▶ [Input data]

------

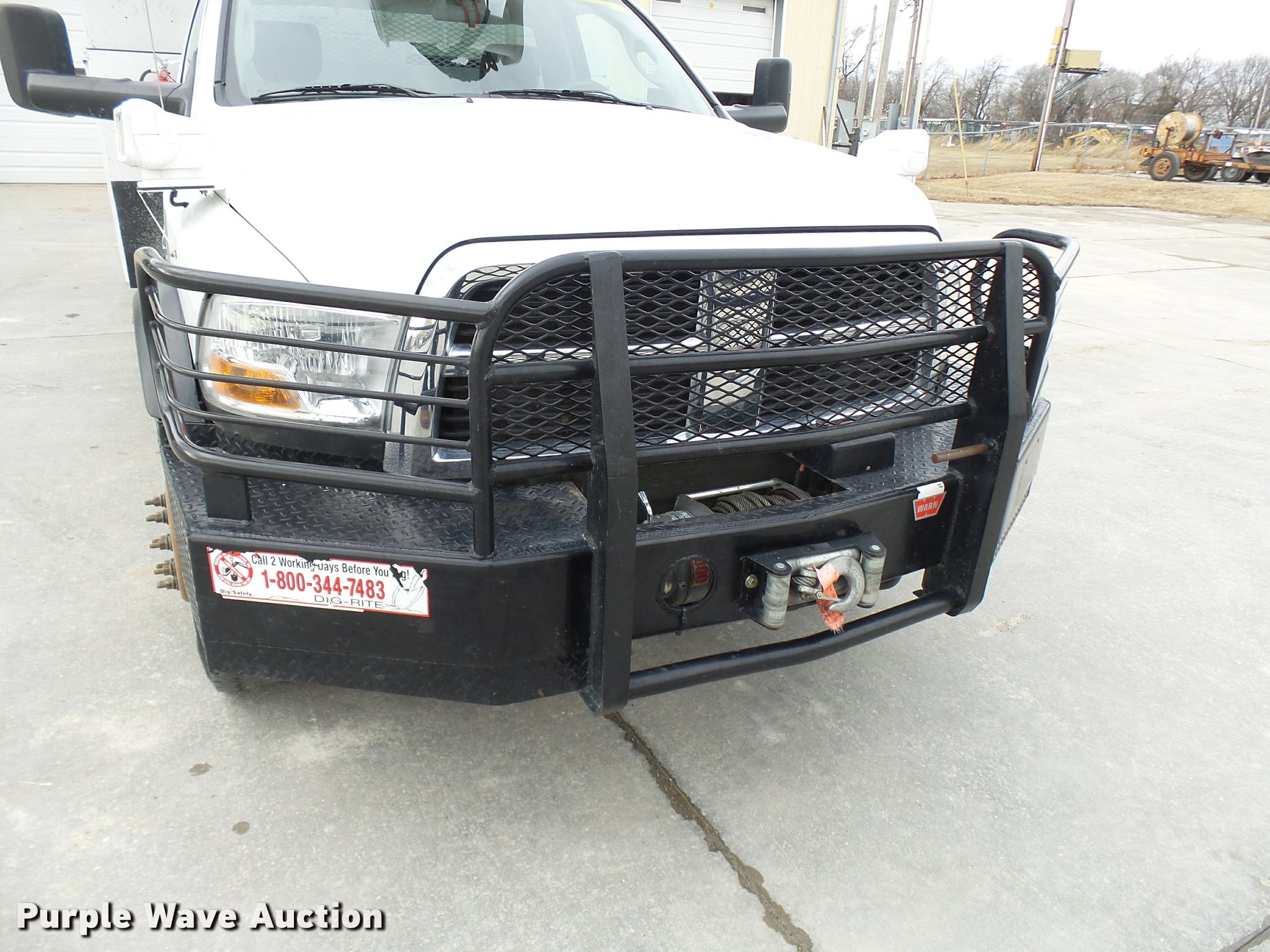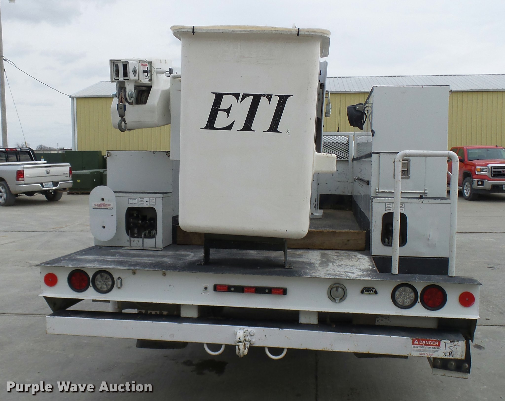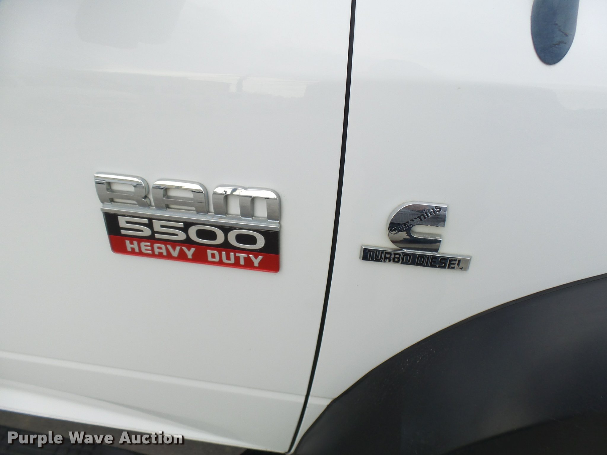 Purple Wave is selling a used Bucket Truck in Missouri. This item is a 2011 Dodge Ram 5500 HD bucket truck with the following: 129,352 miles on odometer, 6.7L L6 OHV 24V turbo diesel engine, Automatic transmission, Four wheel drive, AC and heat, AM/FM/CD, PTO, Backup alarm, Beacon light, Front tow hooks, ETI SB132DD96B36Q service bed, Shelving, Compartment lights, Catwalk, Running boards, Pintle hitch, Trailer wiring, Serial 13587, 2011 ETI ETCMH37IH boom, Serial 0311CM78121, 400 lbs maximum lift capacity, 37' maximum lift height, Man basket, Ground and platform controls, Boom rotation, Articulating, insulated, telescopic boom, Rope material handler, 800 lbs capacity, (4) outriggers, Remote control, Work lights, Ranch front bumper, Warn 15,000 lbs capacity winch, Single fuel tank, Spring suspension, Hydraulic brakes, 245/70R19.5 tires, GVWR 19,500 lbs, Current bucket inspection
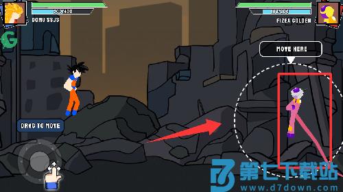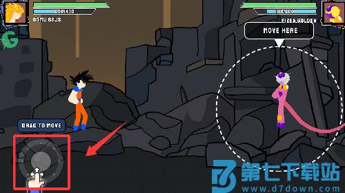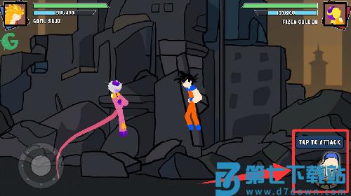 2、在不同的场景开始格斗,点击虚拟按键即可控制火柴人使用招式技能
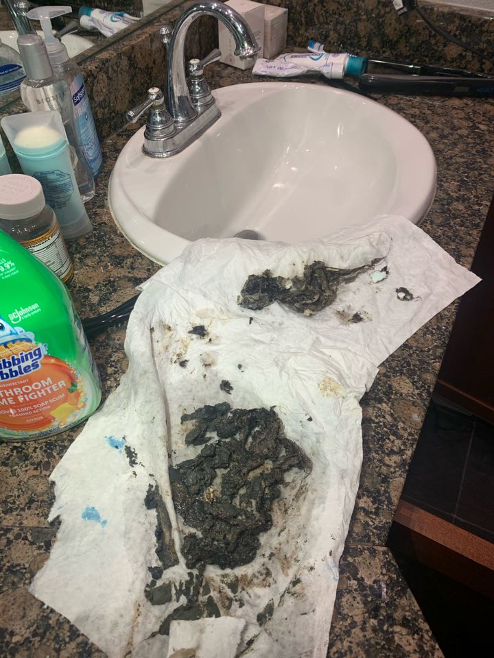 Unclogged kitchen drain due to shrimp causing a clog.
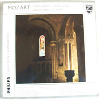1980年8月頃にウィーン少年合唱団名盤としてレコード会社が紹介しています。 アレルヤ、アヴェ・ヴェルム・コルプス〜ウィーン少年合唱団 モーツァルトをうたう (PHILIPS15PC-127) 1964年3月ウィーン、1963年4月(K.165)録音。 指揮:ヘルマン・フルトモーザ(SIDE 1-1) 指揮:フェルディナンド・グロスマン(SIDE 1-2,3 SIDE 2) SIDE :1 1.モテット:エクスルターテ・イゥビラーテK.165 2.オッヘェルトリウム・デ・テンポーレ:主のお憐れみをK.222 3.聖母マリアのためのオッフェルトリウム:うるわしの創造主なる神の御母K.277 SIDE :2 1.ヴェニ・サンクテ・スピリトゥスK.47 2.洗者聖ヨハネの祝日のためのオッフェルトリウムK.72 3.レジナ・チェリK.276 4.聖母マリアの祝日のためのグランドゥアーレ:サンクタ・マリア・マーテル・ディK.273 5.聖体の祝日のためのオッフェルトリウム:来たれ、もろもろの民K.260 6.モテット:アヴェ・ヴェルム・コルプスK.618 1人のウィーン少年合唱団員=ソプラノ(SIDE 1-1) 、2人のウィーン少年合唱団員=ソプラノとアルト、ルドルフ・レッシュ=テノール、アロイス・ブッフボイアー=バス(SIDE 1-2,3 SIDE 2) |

------

▶ [Aim of the exercise] A word-for-word restatement of all the lines above is needed, with the pictures omitted.

▶ [Reply]
 Purple Wave is selling a used Bucket Truck in Missouri. This item is a 2011 Dodge Ram 5500 HD bucket truck with the following: 129,352 miles on odometer, 6.7L L6 OHV 24V turbo diesel engine, Automatic transmission, Four wheel drive, AC and heat, AM/FM/CD, PTO, Backup alarm, Beacon light, Front tow hooks, ETI SB132DD96B36Q service bed, Shelving, Compartment lights, Catwalk, Running boards, Pintle hitch, Trailer wiring, Serial 13587, 2011 ETI ETCMH37IH boom, Serial 0311CM78121, 400 lbs maximum lift capacity, 37' maximum lift height, Man basket, Ground and platform controls, Boom rotation, Articulating, insulated, telescopic boom, Rope material handler, 800 lbs capacity, (4) outriggers, Remote control, Work lights, Ranch front bumper, Warn 15,000 lbs capacity winch, Single fuel tank, Spring suspension, Hydraulic brakes, 245/70R19.5 tires, GVWR 19,500 lbs, Current bucket inspection
 2、在不同的场景开始格斗,点击虚拟按键即可控制火柴人使用招式技能
 Unclogged kitchen drain due to shrimp causing a clog.
1980年8月頃にウィーン少年合唱団名盤としてレコード会社が紹介しています。 アレルヤ、アヴェ・ヴェルム・コルプス〜ウィーン少年合唱団 モーツァルトをうたう (PHILIPS15PC-127) 1964年3月ウィーン、1963年4月(K.165)録音。 指揮:ヘルマン・フルトモーザ(SIDE 1-1) 指揮:フェルディナンド・グロスマン(SIDE 1-2,3 SIDE 2) SIDE :1 1.モテット:エクスルターテ・イゥビラーテK.165 2.オッヘェルトリウム・デ・テンポーレ:主のお憐れみをK.222 3.聖母マリアのためのオッフェルトリウム:うるわしの創造主なる神の御母K.277 SIDE :2 1.ヴェニ・サンクテ・スピリトゥスK.47 2.洗者聖ヨハネの祝日のためのオッフェルトリウムK.72 3.レジナ・チェリK.276 4.聖母マリアの祝日のためのグランドゥアーレ:サンクタ・マリア・マーテル・ディK.273 5.聖体の祝日のためのオッフェルトリウム:来たれ、もろもろの民K.260 6.モテット:アヴェ・ヴェルム・コルプスK.618 1人のウィーン少年合唱団員=ソプラノ(SIDE 1-1) 、2人のウィーン少年合唱団員=ソプラノとアルト、ルドルフ・レッシュ=テノール、アロイス・ブッフボイアー=バス(SIDE 1-2,3 SIDE 2) |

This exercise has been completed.